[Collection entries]
———
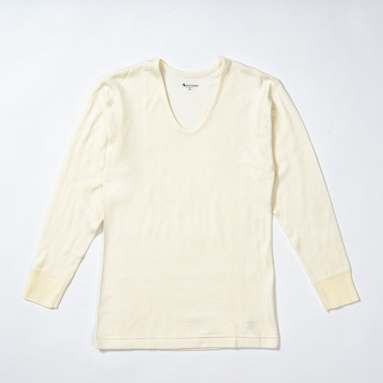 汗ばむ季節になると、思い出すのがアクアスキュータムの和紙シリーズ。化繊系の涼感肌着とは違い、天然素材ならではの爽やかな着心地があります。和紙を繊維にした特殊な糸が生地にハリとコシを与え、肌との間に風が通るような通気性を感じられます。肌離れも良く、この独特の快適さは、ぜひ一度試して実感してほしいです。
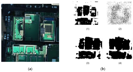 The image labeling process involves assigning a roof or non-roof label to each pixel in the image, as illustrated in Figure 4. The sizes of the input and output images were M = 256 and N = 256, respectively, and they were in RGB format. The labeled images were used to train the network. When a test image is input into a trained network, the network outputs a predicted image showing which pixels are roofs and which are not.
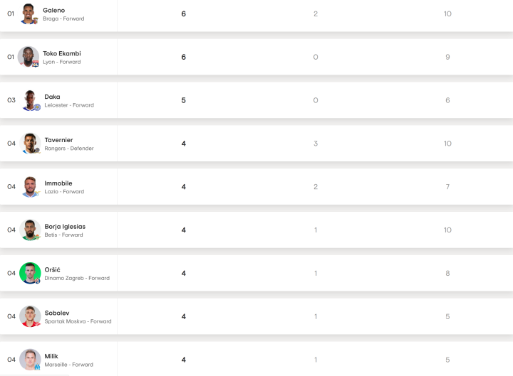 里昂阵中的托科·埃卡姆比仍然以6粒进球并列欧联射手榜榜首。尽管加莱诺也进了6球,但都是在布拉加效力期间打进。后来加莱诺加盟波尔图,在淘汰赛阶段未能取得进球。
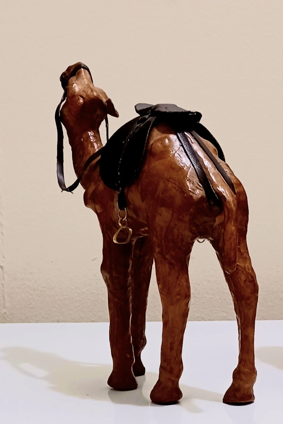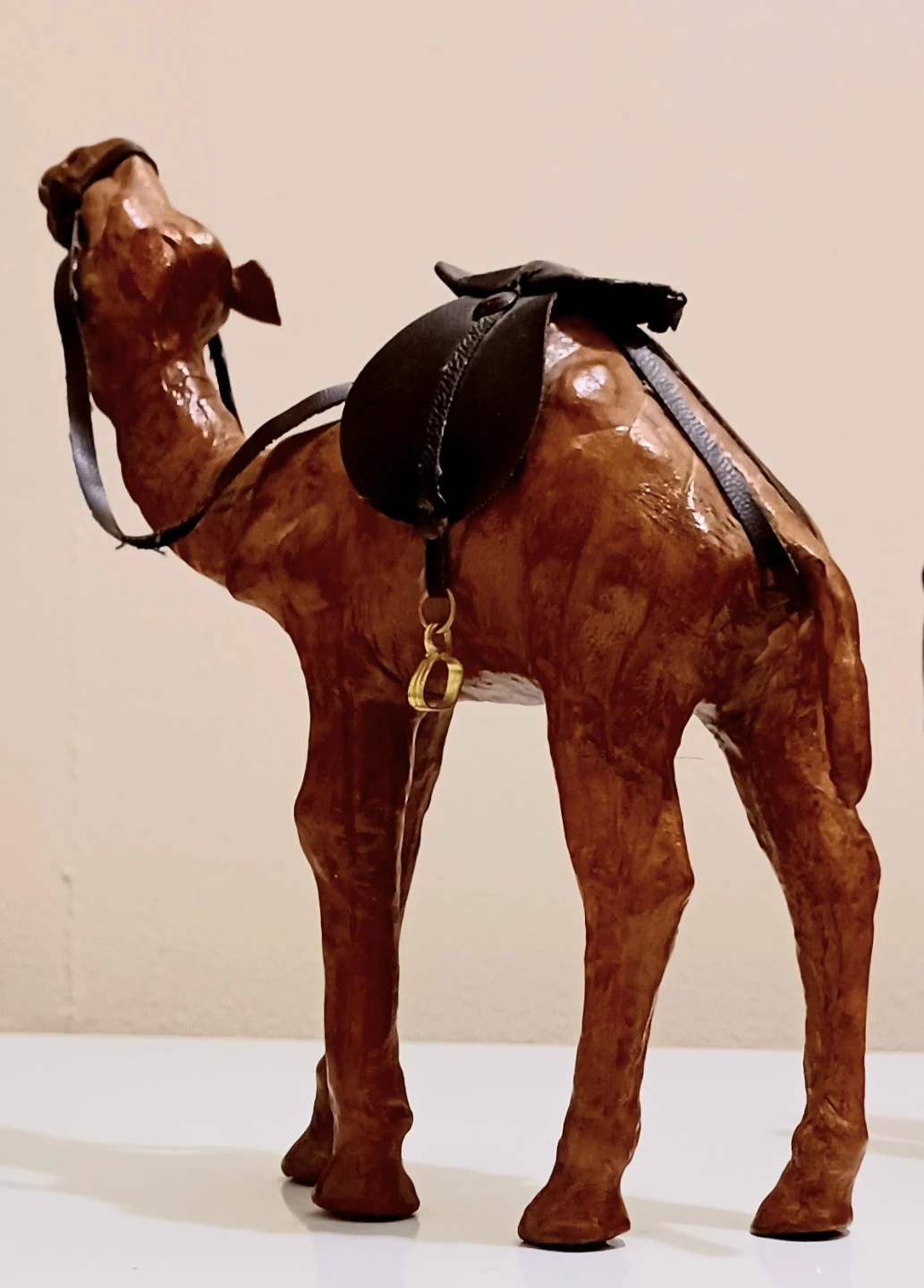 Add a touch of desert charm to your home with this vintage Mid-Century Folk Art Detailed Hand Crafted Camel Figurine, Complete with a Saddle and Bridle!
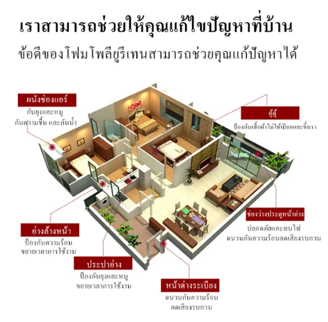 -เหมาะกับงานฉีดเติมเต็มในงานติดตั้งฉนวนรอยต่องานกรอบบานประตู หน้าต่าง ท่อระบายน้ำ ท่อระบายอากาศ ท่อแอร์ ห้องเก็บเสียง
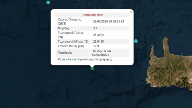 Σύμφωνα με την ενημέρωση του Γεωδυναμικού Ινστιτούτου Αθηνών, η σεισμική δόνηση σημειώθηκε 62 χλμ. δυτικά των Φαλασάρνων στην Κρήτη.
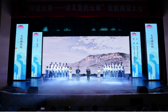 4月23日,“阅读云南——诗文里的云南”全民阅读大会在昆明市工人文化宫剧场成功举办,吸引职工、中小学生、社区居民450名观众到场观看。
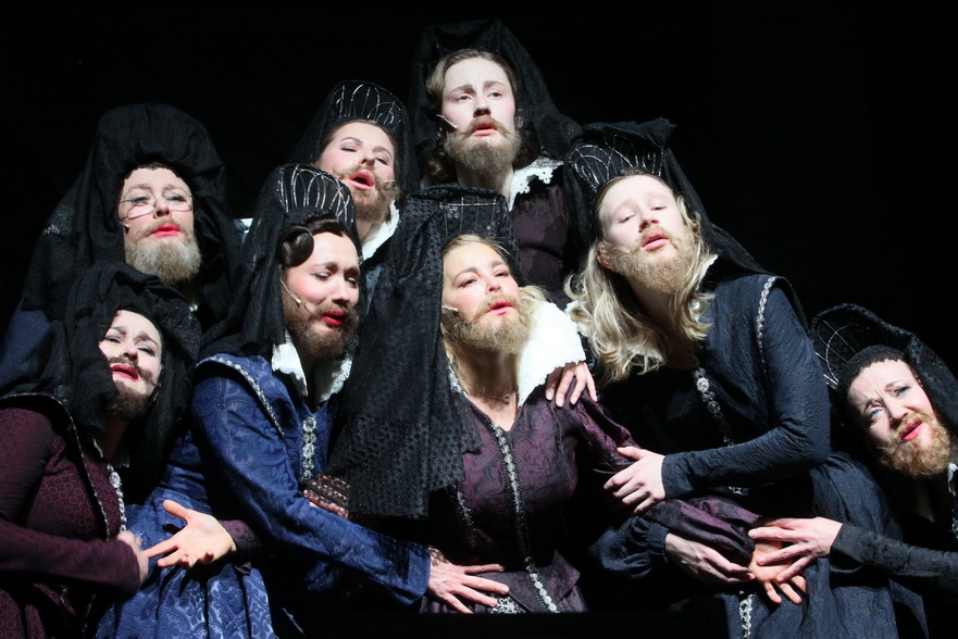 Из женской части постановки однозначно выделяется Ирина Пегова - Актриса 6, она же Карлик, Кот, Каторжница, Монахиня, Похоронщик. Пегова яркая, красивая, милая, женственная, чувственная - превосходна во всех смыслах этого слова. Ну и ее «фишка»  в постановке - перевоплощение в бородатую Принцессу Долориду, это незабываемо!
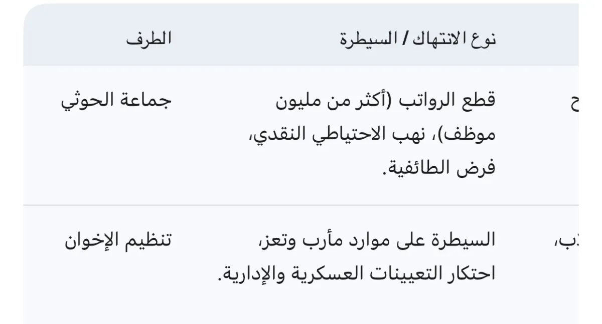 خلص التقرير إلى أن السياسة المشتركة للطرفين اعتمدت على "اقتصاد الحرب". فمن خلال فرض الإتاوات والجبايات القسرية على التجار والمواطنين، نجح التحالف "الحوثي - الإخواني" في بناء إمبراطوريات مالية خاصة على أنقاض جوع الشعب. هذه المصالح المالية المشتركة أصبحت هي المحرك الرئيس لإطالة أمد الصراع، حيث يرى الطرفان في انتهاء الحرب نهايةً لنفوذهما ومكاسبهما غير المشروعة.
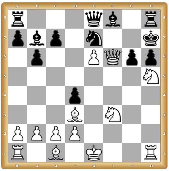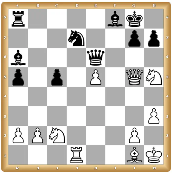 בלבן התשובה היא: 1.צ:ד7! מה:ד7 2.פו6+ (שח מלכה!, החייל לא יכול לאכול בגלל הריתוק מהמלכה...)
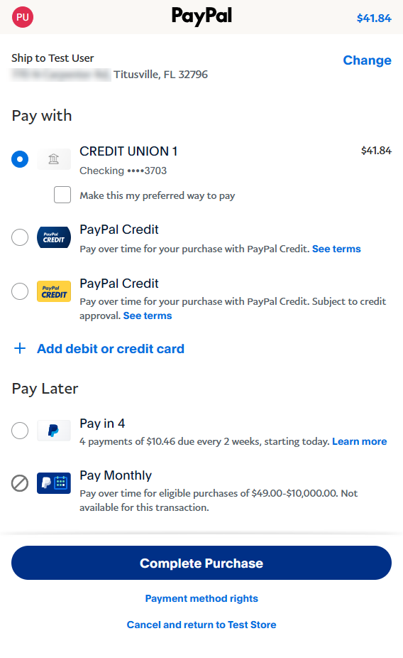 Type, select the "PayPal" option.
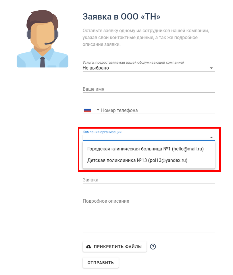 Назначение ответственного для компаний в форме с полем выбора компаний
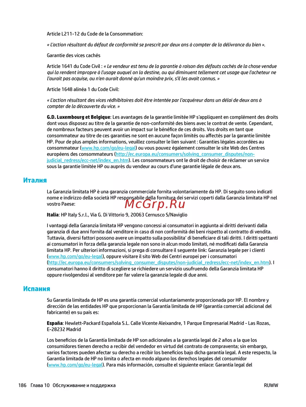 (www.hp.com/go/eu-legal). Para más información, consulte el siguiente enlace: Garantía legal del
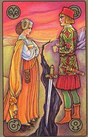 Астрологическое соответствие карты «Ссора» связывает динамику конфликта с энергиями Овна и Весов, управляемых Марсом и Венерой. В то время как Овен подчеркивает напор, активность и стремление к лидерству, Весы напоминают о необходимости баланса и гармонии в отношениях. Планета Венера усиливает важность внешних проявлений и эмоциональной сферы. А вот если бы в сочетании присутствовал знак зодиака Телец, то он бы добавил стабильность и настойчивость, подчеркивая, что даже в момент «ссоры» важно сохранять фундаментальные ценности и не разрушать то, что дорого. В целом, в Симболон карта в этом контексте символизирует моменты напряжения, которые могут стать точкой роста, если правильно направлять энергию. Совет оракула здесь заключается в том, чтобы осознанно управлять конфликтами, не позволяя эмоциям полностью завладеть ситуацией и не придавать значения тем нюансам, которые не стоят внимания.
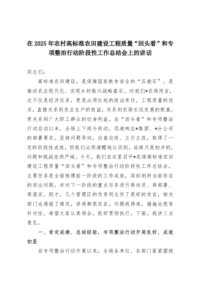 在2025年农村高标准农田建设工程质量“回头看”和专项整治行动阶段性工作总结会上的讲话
———
*Your instructions*: Reproduce exactly the entries from their first line through the line containing "Type, select the", including both, and omit any pictures.

*Problem solution*:
 汗ばむ季節になると、思い出すのがアクアスキュータムの和紙シリーズ。化繊系の涼感肌着とは違い、天然素材ならではの爽やかな着心地があります。和紙を繊維にした特殊な糸が生地にハリとコシを与え、肌との間に風が通るような通気性を感じられます。肌離れも良く、この独特の快適さは、ぜひ一度試して実感してほしいです。
 The image labeling process involves assigning a roof or non-roof label to each pixel in the image, as illustrated in Figure 4. The sizes of the input and output images were M = 256 and N = 256, respectively, and they were in RGB format. The labeled images were used to train the network. When a test image is input into a trained network, the network outputs a predicted image showing which pixels are roofs and which are not.
 里昂阵中的托科·埃卡姆比仍然以6粒进球并列欧联射手榜榜首。尽管加莱诺也进了6球,但都是在布拉加效力期间打进。后来加莱诺加盟波尔图,在淘汰赛阶段未能取得进球。
 Add a touch of desert charm to your home with this vintage Mid-Century Folk Art Detailed Hand Crafted Camel Figurine, Complete with a Saddle and Bridle!
 -เหมาะกับงานฉีดเติมเต็มในงานติดตั้งฉนวนรอยต่องานกรอบบานประตู หน้าต่าง ท่อระบายน้ำ ท่อระบายอากาศ ท่อแอร์ ห้องเก็บเสียง
 Σύμφωνα με την ενημέρωση του Γεωδυναμικού Ινστιτούτου Αθηνών, η σεισμική δόνηση σημειώθηκε 62 χλμ. δυτικά των Φαλασάρνων στην Κρήτη.
 4月23日,“阅读云南——诗文里的云南”全民阅读大会在昆明市工人文化宫剧场成功举办,吸引职工、中小学生、社区居民450名观众到场观看。
 Из женской части постановки однозначно выделяется Ирина Пегова - Актриса 6, она же Карлик, Кот, Каторжница, Монахиня, Похоронщик. Пегова яркая, красивая, милая, женственная, чувственная - превосходна во всех смыслах этого слова. Ну и ее «фишка»  в постановке - перевоплощение в бородатую Принцессу Долориду, это незабываемо!
 خلص التقرير إلى أن السياسة المشتركة للطرفين اعتمدت على "اقتصاد الحرب". فمن خلال فرض الإتاوات والجبايات القسرية على التجار والمواطنين، نجح التحالف "الحوثي - الإخواني" في بناء إمبراطوريات مالية خاصة على أنقاض جوع الشعب. هذه المصالح المالية المشتركة أصبحت هي المحرك الرئيس لإطالة أمد الصراع، حيث يرى الطرفان في انتهاء الحرب نهايةً لنفوذهما ومكاسبهما غير المشروعة.
 בלבן התשובה היא: 1.צ:ד7! מה:ד7 2.פו6+ (שח מלכה!, החייל לא יכול לאכול בגלל הריתוק מהמלכה...)
 Type, select the "PayPal" option.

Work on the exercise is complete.